> _Material to process_
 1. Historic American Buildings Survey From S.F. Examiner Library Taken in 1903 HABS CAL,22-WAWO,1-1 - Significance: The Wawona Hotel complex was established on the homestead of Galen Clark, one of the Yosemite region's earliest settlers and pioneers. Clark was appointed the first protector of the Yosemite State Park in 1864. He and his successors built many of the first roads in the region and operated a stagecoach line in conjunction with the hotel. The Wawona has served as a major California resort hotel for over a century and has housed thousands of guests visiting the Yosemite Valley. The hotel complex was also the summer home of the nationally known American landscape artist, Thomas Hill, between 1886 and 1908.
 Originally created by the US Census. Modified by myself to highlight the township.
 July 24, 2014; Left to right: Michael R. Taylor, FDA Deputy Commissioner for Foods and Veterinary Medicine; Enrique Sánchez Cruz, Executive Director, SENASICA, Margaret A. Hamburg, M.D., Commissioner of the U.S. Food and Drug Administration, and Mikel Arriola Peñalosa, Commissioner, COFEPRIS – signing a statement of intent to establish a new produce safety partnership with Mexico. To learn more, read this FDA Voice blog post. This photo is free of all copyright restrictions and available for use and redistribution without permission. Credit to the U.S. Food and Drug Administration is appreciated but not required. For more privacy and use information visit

--

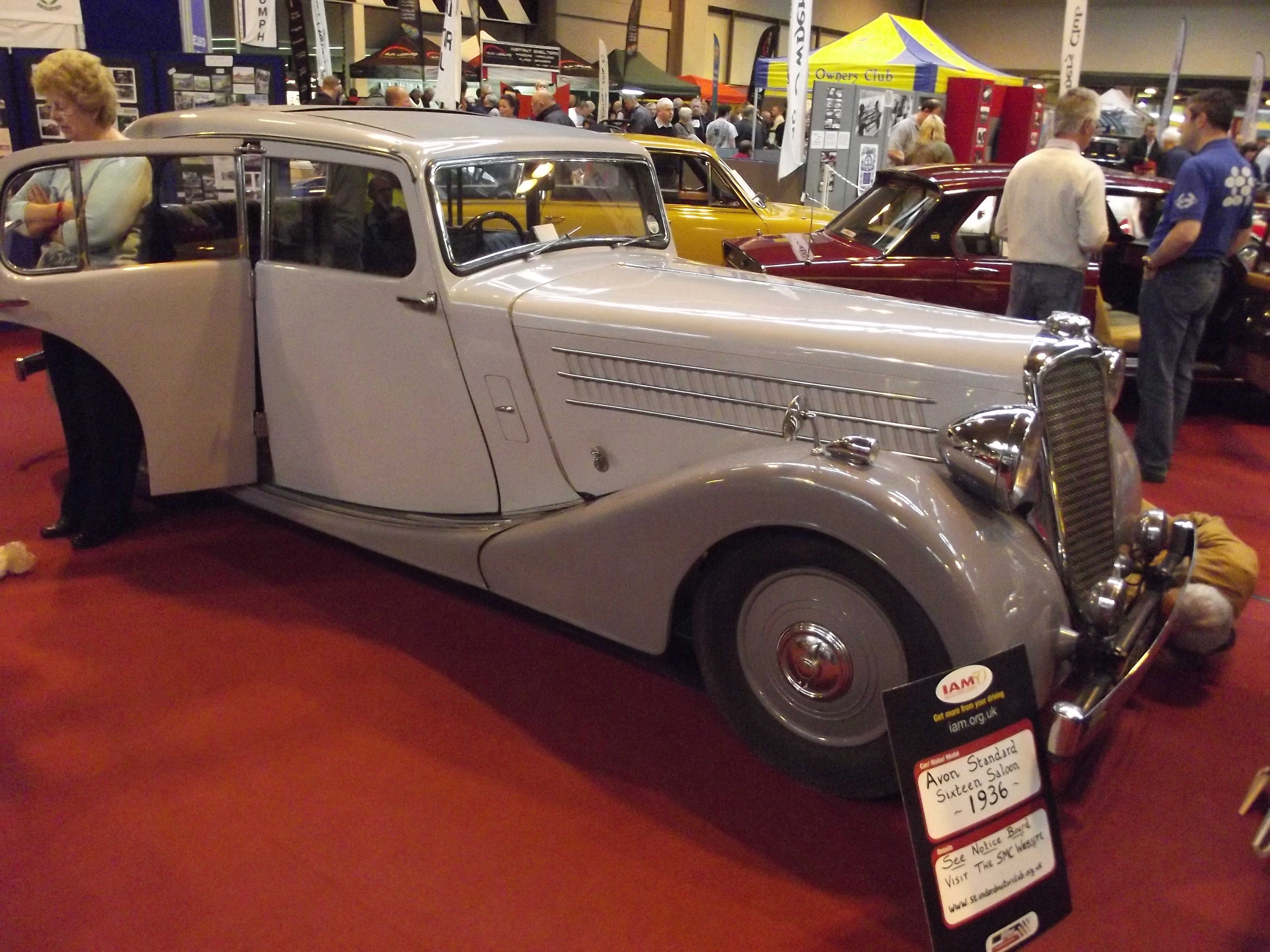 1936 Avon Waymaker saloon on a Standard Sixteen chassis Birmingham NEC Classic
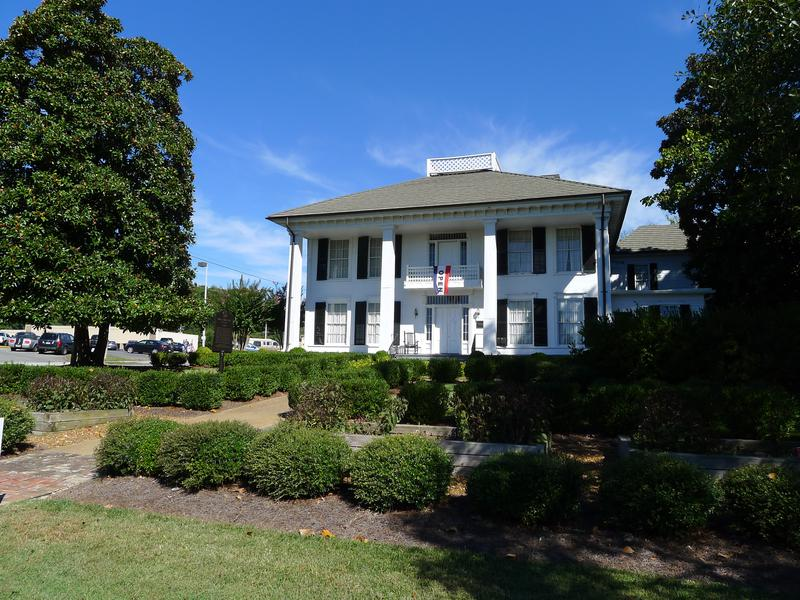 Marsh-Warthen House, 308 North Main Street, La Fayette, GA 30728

> _What this task involves_
Copy only this part of the entries above: the line with "1. Historic American", the line with "Originally created by", and the lines between, all exactly as written.

> _Reply to the task_
 1. Historic American Buildings Survey From S.F. Examiner Library Taken in 1903 HABS CAL,22-WAWO,1-1 - Significance: The Wawona Hotel complex was established on the homestead of Galen Clark, one of the Yosemite region's earliest settlers and pioneers. Clark was appointed the first protector of the Yosemite State Park in 1864. He and his successors built many of the first roads in the region and operated a stagecoach line in conjunction with the hotel. The Wawona has served as a major California resort hotel for over a century and has housed thousands of guests visiting the Yosemite Valley. The hotel complex was also the summer home of the nationally known American landscape artist, Thomas Hill, between 1886 and 1908.
 Originally created by the US Census. Modified by myself to highlight the township.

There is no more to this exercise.